The two primary testbench components discussed in this paper are the translator blocks and the pre-emphasis driver. These are closely coupled to the design characteristics like the pre-emphasis finite impulse response (FIR) filter size and receiver equalization characteristics. Additionally, they also help in minimizing the number of components which need to handle the real-type data. By utilizing the inbuilt hierarchical sequence mechanism in UVM to develop a layered adapter sequence, the verification environment can help in building robust framework to drive multi-lane IPs like PMA to verification closure. We will talk briefly about generic PMA architecture to explain the common terminologies and also give some details on the commonly used sub-blocks. This solution can easily be extended to any mixed signal design with one or multiple data path lanes.

#### II. SERDES PMA IP VERIFICATION FRAMEWORK USING TRANSLATOR BLOCKS

The primary application of PMA is to transmit the parallel data coming from the higher layers (like Physical Coding Sublayer - PCS) to the receiver circuitry and also to the external serial interface (accounting for the channel losses and attenuation) such that the final data received at the receiver parallel interface is within the error tolerance limit. PMA has several digital and analog components adding to the complexity of proper feature modeling in testbench so that they are aligned to the design expectation. The channel between the transmitter and receiver circuitry is lossy and can attenuate the signal due to resistive loss and result in Inter Symbol Interference (ISI) caused by bandwidth limitation. This could inturn mean data loss and bit errors at the receiving end as the Rx data comparator thresholds will not be enough to detect the incoming pattern. This could result in a distorted eye with reduced eye width.





Fig.1 IP Verification framework of PMA

The Fig. 1 shows the block diagram of a conventional PMA Transmitter (Tx) and Receiver (Rx) data paths along with the testbench components around them. The testbench Tx components connect to the PMA Tx parallel interface to send the Tx parallel data and electrical idle information and at the serial interface to observe the serial differential outputs. In the transmitter path, the parallel data goes through the Tx FIFO in digital PMA (DPMA) which mangles the data and sends the appropriate word to the analog PMA (APMA). APMA has a set of serializer units which are architected to make the design more compact and ease timing closures. The mangling is done to send the parallel-to-serial (P2S) data to APMA in such a way that the serializers in the Tx path of APMA can decode the data efficiently. The P2S data feeds the serializer, the Tx Feed Forward Equalizer (FFE) and the Tx IO driver in the APMA. The IO driver is responsible for maintaining the output serial data at an idle state using the electrical idle signal, till the transmitted data pattern is received from DPMA. It also adds in the electrical information like the pre-emphasis voltage levels and converts the edge and data comparator output symbols to the final Tx serial data.
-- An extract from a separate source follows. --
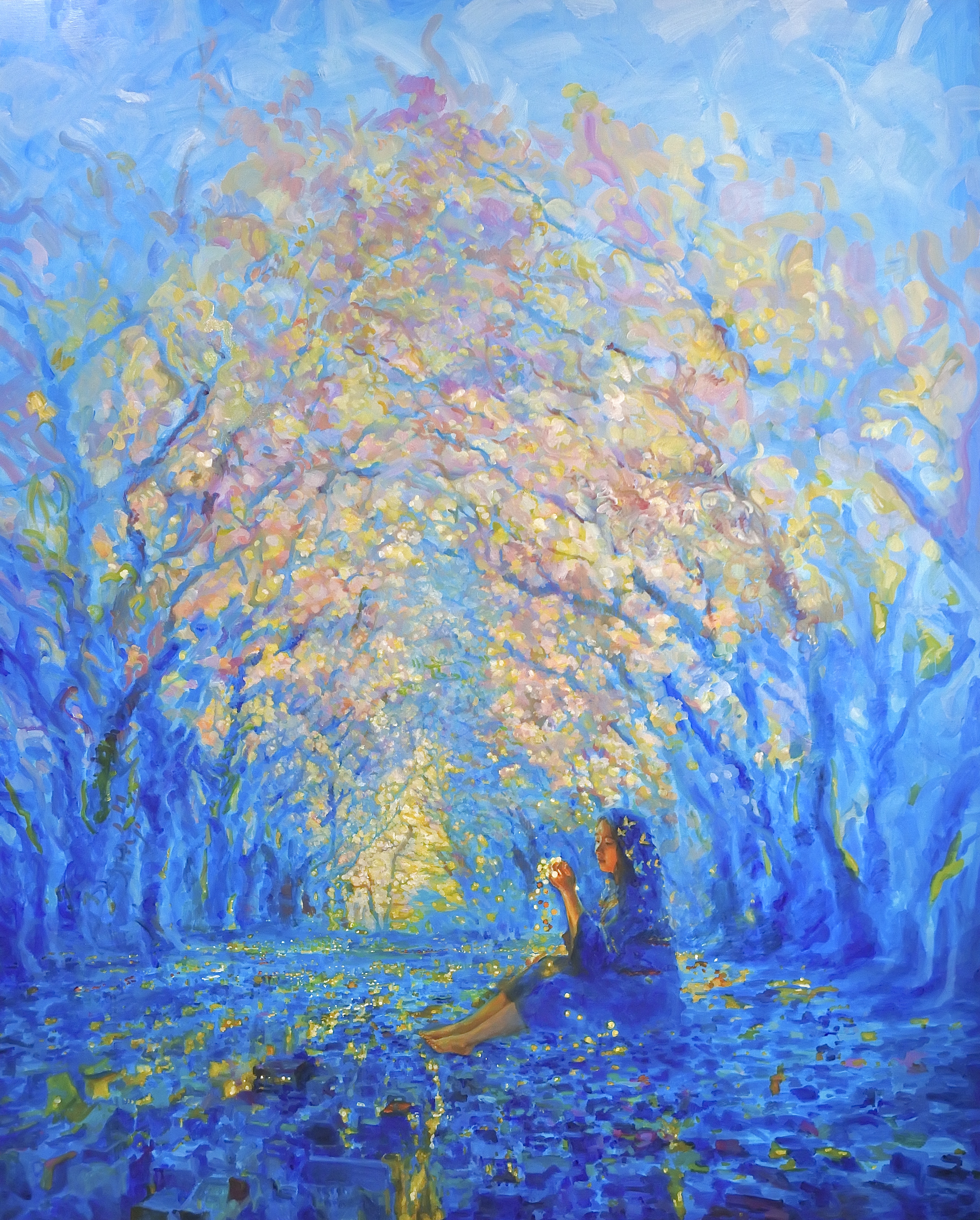 작가 노트 ㅣ 나는 음울하고 어두운 감정과 대비되는 환희의 순간들을, 푸른 색조와 대비되는 노란 빛줄기 등으로 작품에 상징화 하고 은유적으로 나타낸다. 이같은 은유 방식을 통해 음울함 속의 희망과 따스한 휴머니즘을 내포하며, 삶에 대한 찬가를 시각화하고 있다. 이는 삶에서 쓰게 되는 수많은 사회적 가면을 지칭하는 페르소나와 그 내부의 인격이 서로 괴리되고 유리된 것에서 느끼는 고통 및 좌절감에 대한 극복 의지를 표명하는 것과 관련된다. 삶 속의 수많은 고통에도 불구하고 삶은 여전히 아름다우며, 고통스러운 세상 또한 유의미하며 아름답다고 말하고 싶은 의지를 보여주고자 한다.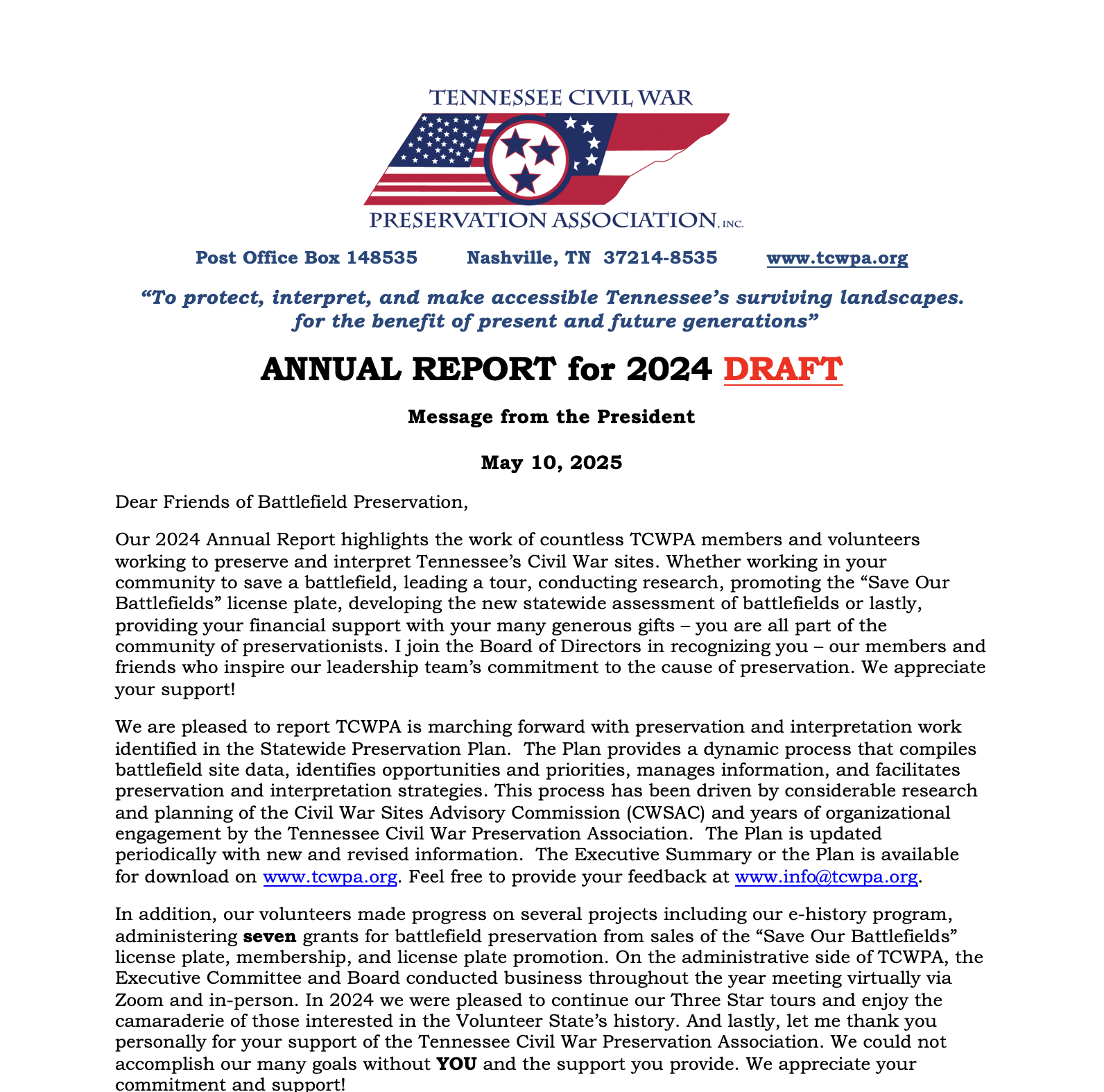 In addition, our volunteers made progress on several projects including our e-history program, administering seven grants for battlefield preservation from sales of the “Save Our Battlefields” license plate, membership, and license plate promotion. On the administrative side of TCWPA, the Executive Committee and Board conducted business throughout the year meeting virtually via Zoom and in person. In 2024 we were pleased to continue our Three Star tours and enjoy the camaraderie of those interested in the Volunteer State’s history. And lastly, let me thank you personally for your support of the Tennessee Civil War Preservation Association. We could not accomplish our many goals without YOU and the support you provide. We appreciate your commitment and support! We always welcome your comments and suggestions. Please feel free to contact us in writing or by email at info@tcwpa.org.

The Rx serial data can come from the Rx Universal Verification Component (UVC) or can be externally looped back from the Tx serial pins, if loopback is enabled. The Rx path receives the serial information through pads and once the clock data recovery (CDR) unit locks to the incoming data, its de-serialized and sent to the DPMA and finally to the output interface post data mangling/un-mangling. Prior to sending the data to CDR, it's reconstructed and equalized using continuous time linear equalizer (CTLE).

Equalization filters can be implemented in discrete-time or continuous-time at the Tx and/or Rx [1]. In this paper we focus on the verification challenges in using discrete time implementation at the Tx like transmitter pre-emphasis and continuous-time implementation at the Rx like Continuous Time Linear Equalizer (CTLE). Fig.2 shows a typical channel response which attenuates the data at higher frequency. A CTLE is a one tap continuous-time circuit with high-frequency gain boosting, whose transfer function can flatten the channel response, as shown in Fig. 2.Tx pre-emphasis will be discussed in the next subsection.





Fig.2: Channel response and corresponding CTLE implementation

It is a common practice to develop behavioral models for the analog components in-line with the analog schematics and use them for most of the pre-silicon verification. The models however, can chose the level of abstraction from being accurately modeled (netlisted down to leaf level) with all electrical information present or being an abstract model with only the functional aspects present. The possibility of having a bug free design depends largely on how close the behavioral models are to the real schematics and how well is all the electrical and functional information modelled. To represent the inherent analog properties in the behavioral models, the interface and the internal variables use "real" data-type. The flow recommended in this paper renders an effective way of re-using the Tx and Rx data transactors and checkers across different analog models by incorporating a translator block to handle the data types properly.

A. Voltage translator modules

In the beginning of the verification cycle the data transcators and end-to-end checkers can be developed to work with the abstracted analog models focusing on parallel data generation for various Built-In-Self Test(BIST) modes and data widths as per the specification. As the analog behavioral models become more accurate, the testbench end-to-end checkers and data transcators need to handle the "real" data type along with handling equalizer characteristics.

The prime functionality of translator module is to convert the "real" type data to "logic" type and vice versa, taking Tx equalization characteristics and the CTLE and DFE tap gain values into account. These are instantiated between the DUT and the serial data UVC as shown in Fig.1. The translator function is slightly different between the Tx and Rx datapath as can be seen in the flow chart in Fig.3. The translator module has two basic sub blocks: voltage normalizer and an analog-to-digital or a digital-to-analog converter.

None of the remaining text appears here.